**Directions for this task**
Images are not part of the copy; write out the rest of the data exactly as given.

START Data shown

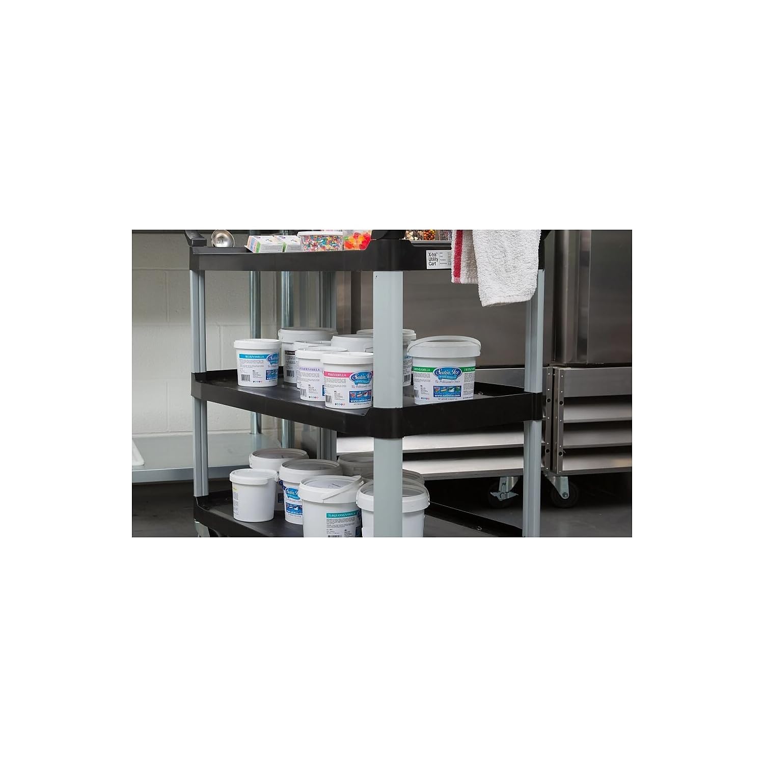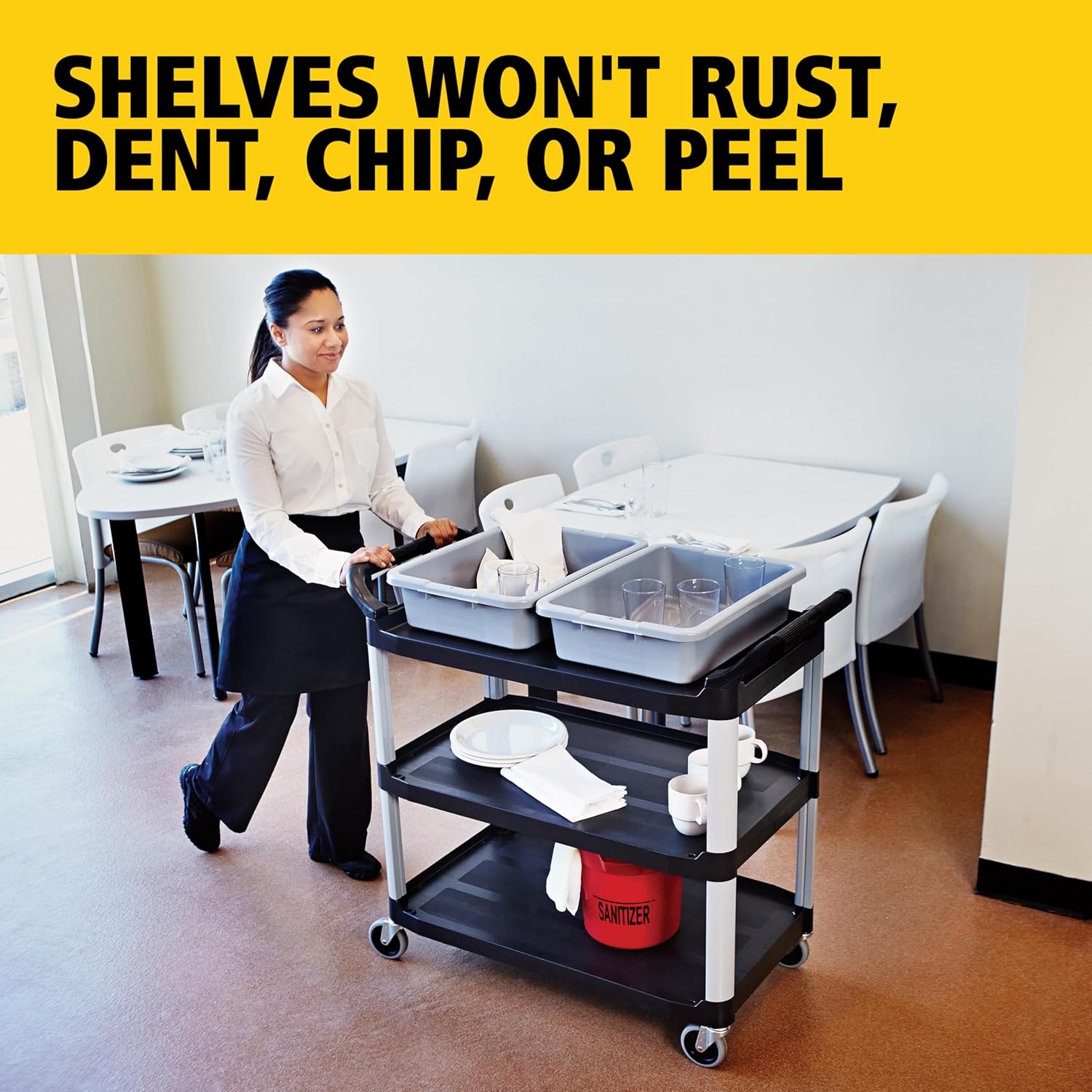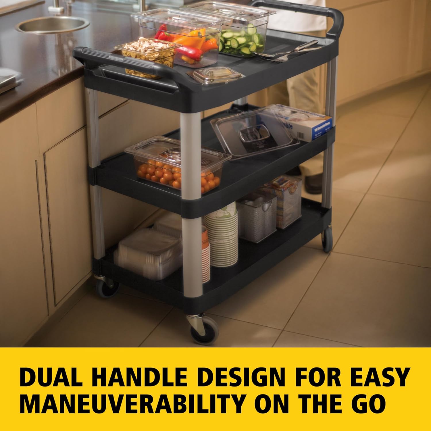 "The Rubbermaid commercial extra utility cart functions in front and back of house applications. Easy to clean surfaces4"" swivel casters for mobility easy grip handles measures 15-1/8"" x 20-3/4"" x 36""measures 15-1/8"" x 20-3/4"" x 36""".
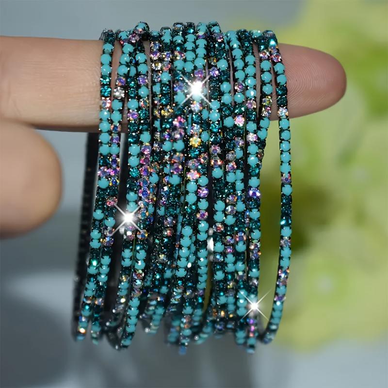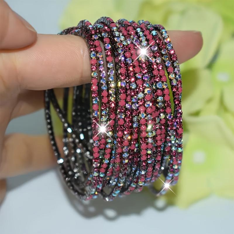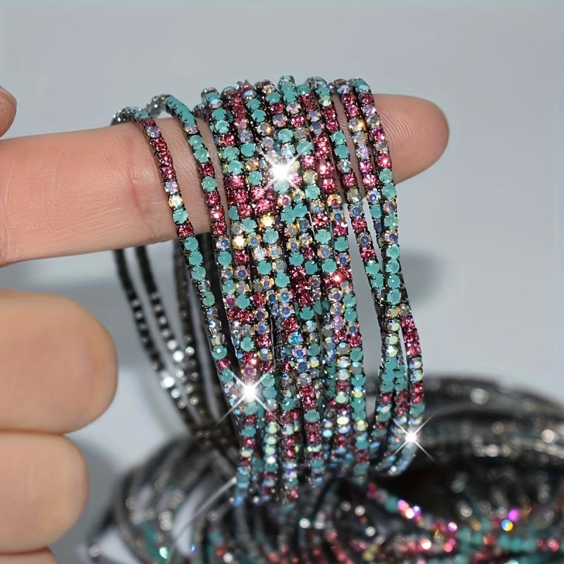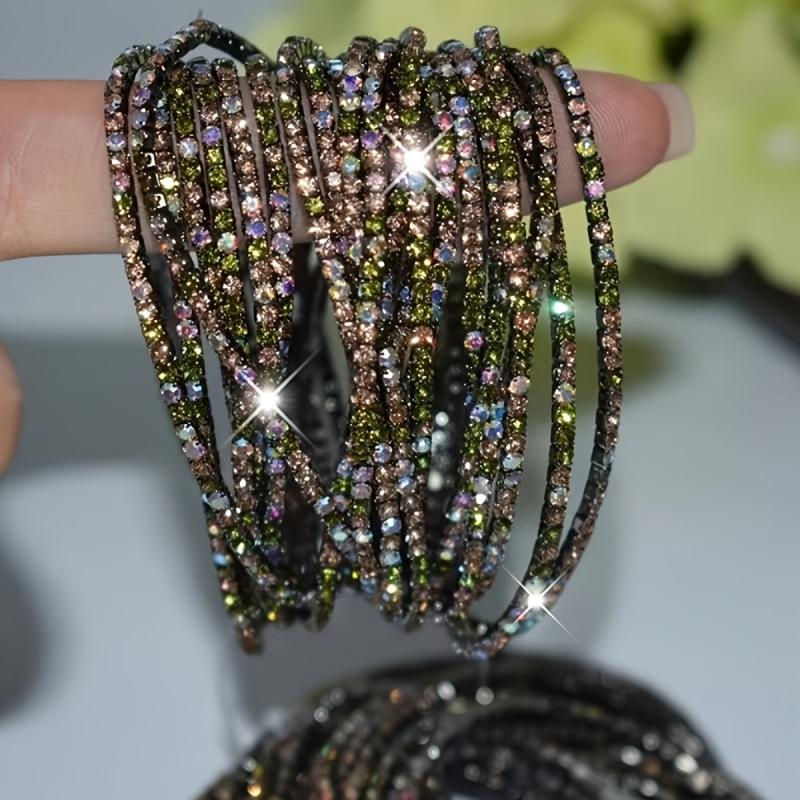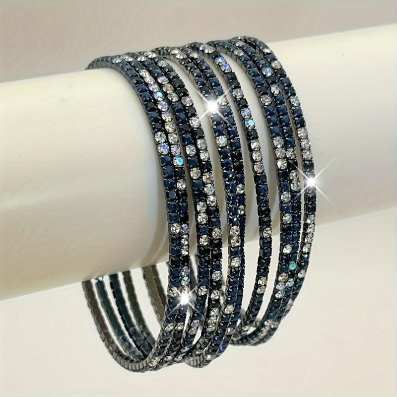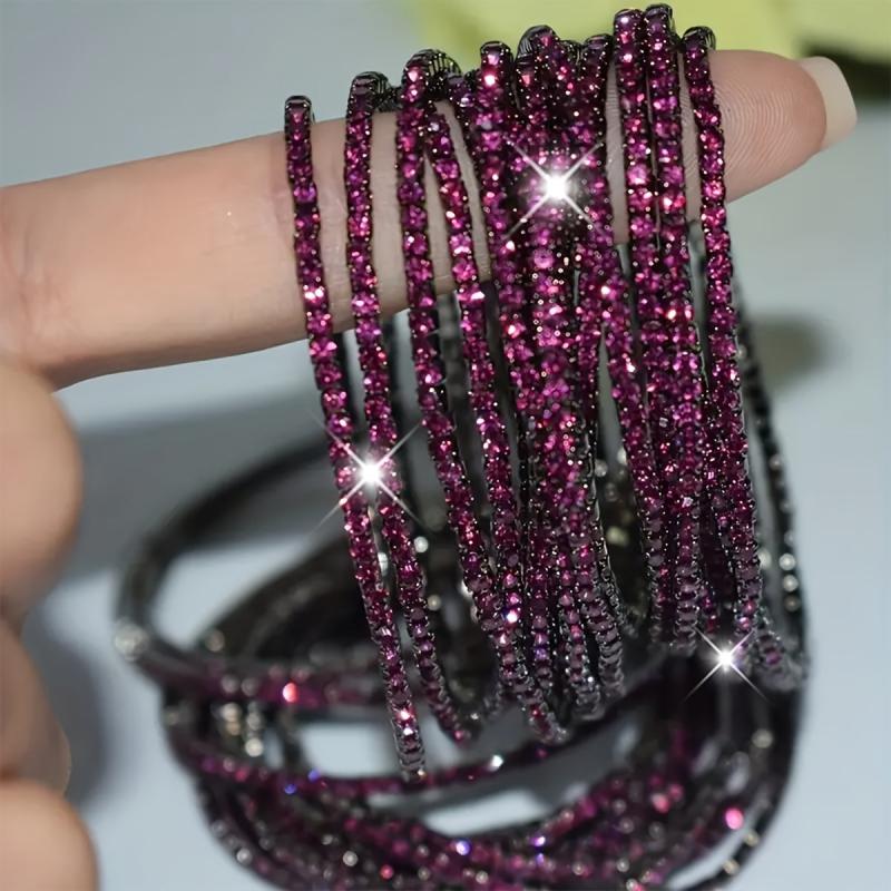This stunning tennis bracelet features sparkling rhinestones and stretches for a comfortable fit. Perfect for adding a touch of glamour to any outfit.
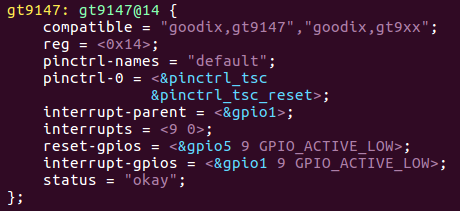 1、直接设置设备树和编写驱动程序是不行的,因为内核里并没有gt91xx系统的驱动文件,需要获取驱动gtxx的驱动文件,重新编译内核。参考连接:https://blog.csdn.net/qq_26943851/article/details/104417858

END Data shown

**Output**
 "The Rubbermaid commercial extra utility cart functions in front and back of house applications. Easy to clean surfaces4"" swivel casters for mobility easy grip handles measures 15-1/8"" x 20-3/4"" x 36""measures 15-1/8"" x 20-3/4"" x 36""".
This stunning tennis bracelet features sparkling rhinestones and stretches for a comfortable fit. Perfect for adding a touch of glamour to any outfit.
 1、直接设置设备树和编写驱动程序是不行的,因为内核里并没有gt91xx系统的驱动文件,需要获取驱动gtxx的驱动文件,重新编译内核。参考连接:https://blog.csdn.net/qq_26943851/article/details/104417858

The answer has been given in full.